Power cuts dim confidence

Shireen Darmalingam

  • The BER’s Q4:19 consumer confidence index later this morning is expected at -8 pts, from -7 pts in Q3:19. Sentiment had recorded 5 pts in Q2:19.
  • Sentiment at -8 pts would be the lowest reading since Q4:17, with the raft of disappointing economic data after the national elections in H1:19 taking a toll. The 2019 power cuts clearly have had a negative impact on confidence.
  • 2020 portends both further power cuts as well as electricity price hikes, rising unemployment (29.1% in Q3:19), slow wage growth, and higher taxes. All of this will constrain consumer spending.

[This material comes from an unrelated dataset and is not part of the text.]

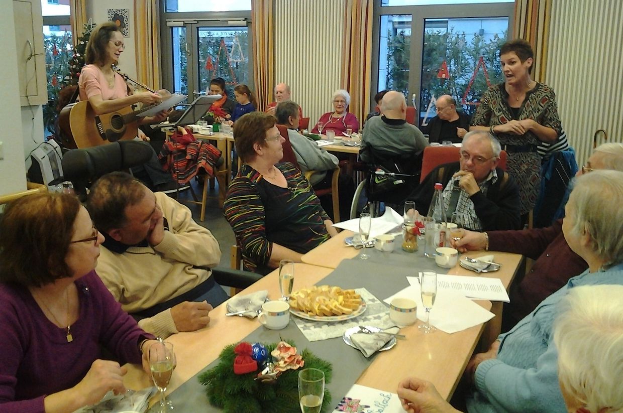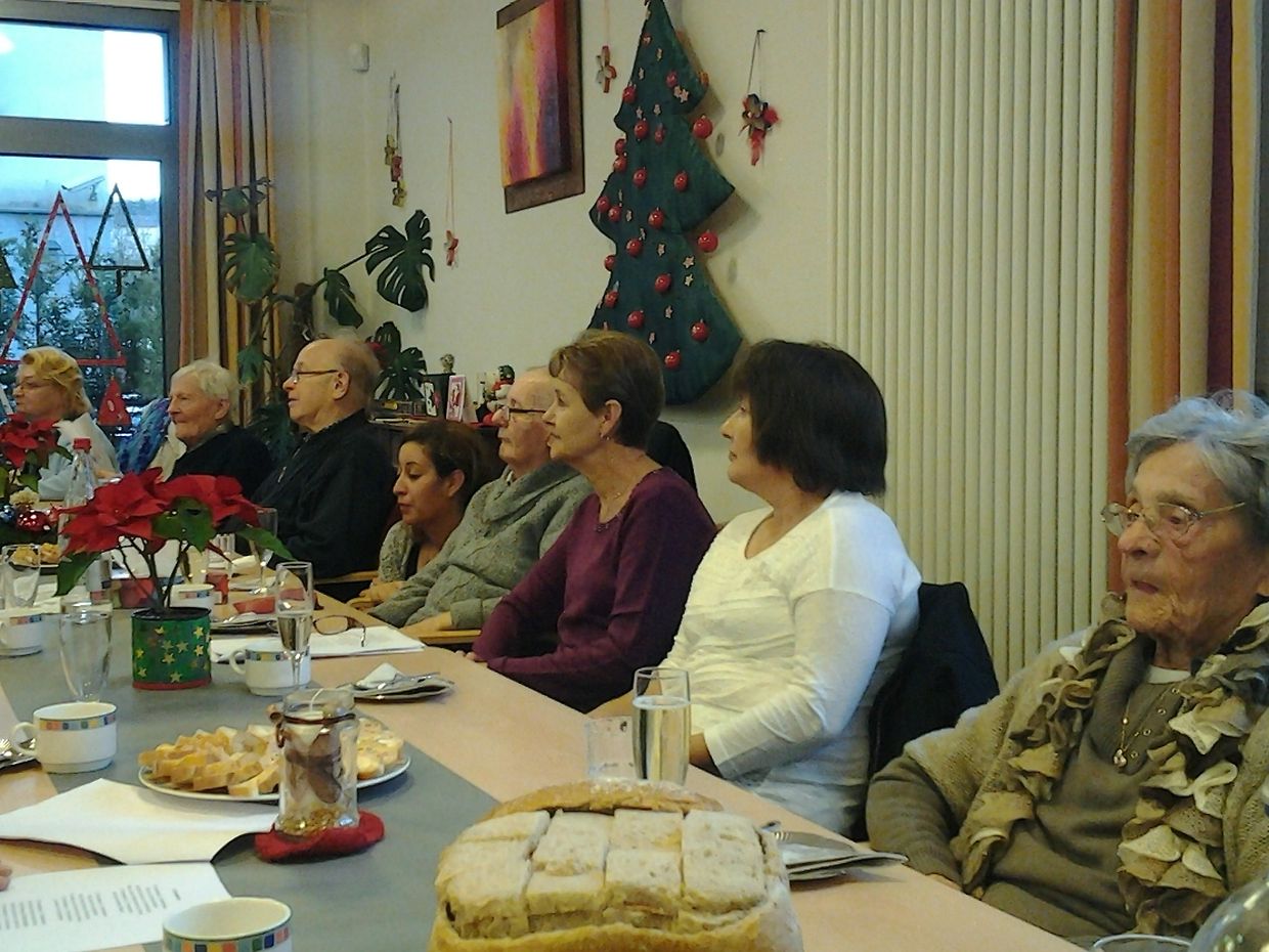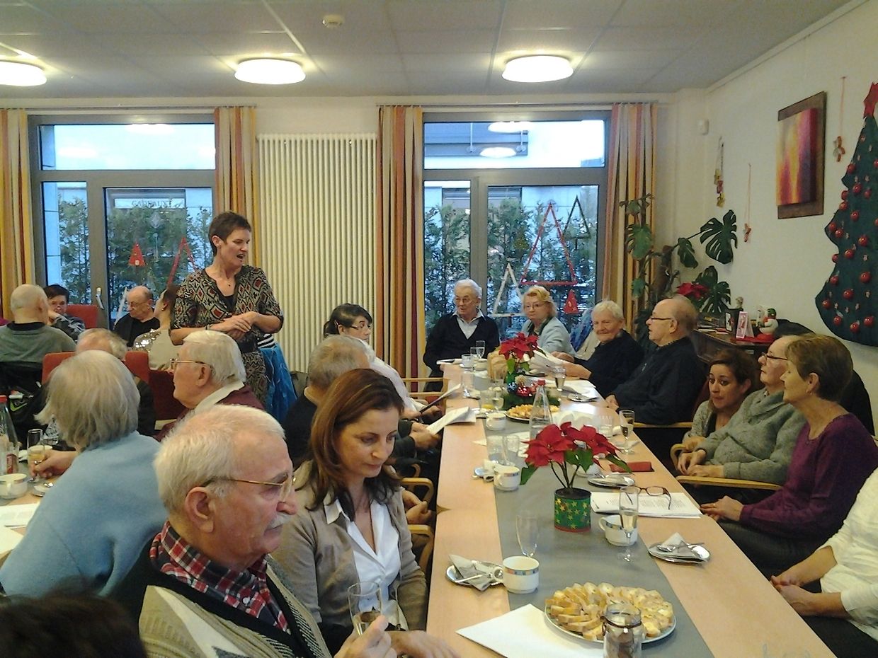 Im geschmückten Saal des "Foyer de jour Aalbach" in Mondorf trafen sich zahlreiche Mitglieder aus Mondorf und Umgebung mit ihren Angehörigen zu einer stimmungsvollen Weihnachtsfeier. Die schönsten und bekanntesten Weihnachtslieder wie u.a. Stille Nacht, Heilige Nacht sangen natürlich auch die Senioren gern, die von einer Gitarristin begleitet wurden. Das Personal trug Gedichte vor u. versorgte die Senioren und ihre Gäste bestens mit Getränk und Leckereien. Cathy HILGER, Zuständige für dieses Foyer, wünschte allen ein fröhliches Weihnachtsfest und ein gesundes neues Jahr und sprach ihren Mitarbeitern Dank und Anerkennung aus.

We therefore expect little improvement in business and consumer confidence in 2020, as policy reform progress will likely remain merely incremental. We expect household consumption expenditure of just 1.2% y/y in 2020, from an expected 1.1% y/y in 2019, supported largely by financially still robust high-income earners.
  • Moody’s is now widely expected to strip the sovereign of its only investment grade rating in March. Further potential downgrades from other rating agencies could also weigh on sentiment in 2020. The fiscal and electricity crises signal that government should speed up policy reforms. We forecast GDP growth of 0.8% y/y for 2020, from an estimate of 0.3% y/y in 2019.